ファストフォース (父ロードカナロア 鮫島克駿)
今年の小倉芝コースは異常なまでの高速馬場で3勝クラスを勝ちあぐねていたこの馬がいきなり日本レコードをマークしたように、適性や道中でのポジションが重要な状況となっていた。安定して先行可能な速力があり、ダートでも走れていたような持続性能も備えていたこの馬にとっては、この小倉の馬場状態がバッチリ噛み合ったということ。直線で上り坂が構えている中山コースで同様のパフォーマンスが見せられるとは言い難いところ。
メイケイエール (父ミッキーアイル 池添謙一)
道中で他馬を蹴散らしながら前へ上がっていくような、制御不能になってしまう程の強烈な前進気勢が特徴。マイル戦では全く抑えが利かないために前走では距離を短縮したが、古馬短距離戦のペースでも脚を溜めて進めることができず。今回もまず道中で上がっていくような競馬をしてしまうのが予想されるため、これでは大きな上積みは見込めないか。
タイセイビジョン (父タートルボウル 三浦皇成)
近2走はレース前半の追走面に苦しみながらも、メンバー中2位の上がりを繰り出しての差し込み。2走前は異常なまでの高速馬場、前走は開幕週の先行有利なシチュエーションとそれぞれに不利な要素があり、開催の最終週となる今回は近走よりもこの馬向きの状況と言える。あとは、少々乗り難しいタイプだけに、テン乗りの三浦騎手がどれだけ御せるか。
ビアンフェ (父キズナ 藤岡佑介)
550キロを超える大型馬だが、スタート直後から強気に先行しての逃げ切りがスタイル。

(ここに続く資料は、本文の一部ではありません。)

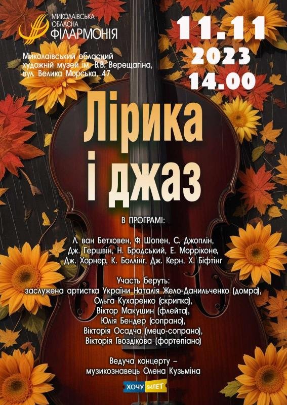 Друзі, ідеальна можливість для кожного поціновувача справжньої музики насолодитися живим якісним звучанням на концерті солістів філармонії "Лірика і Джаз".

とにかく自分の形に持ち込めるかどうかがカギで、単騎逃げの手を打てさえすれば簡単には失速しないが、今回はモズスーパーフレアという強力な同型が存在。昨年のスプリンターズSでもハナを叩かれてしまい、力を出し切れずのシンガリ負け。枠の並びなど、同馬との兼ね合いがポイントか。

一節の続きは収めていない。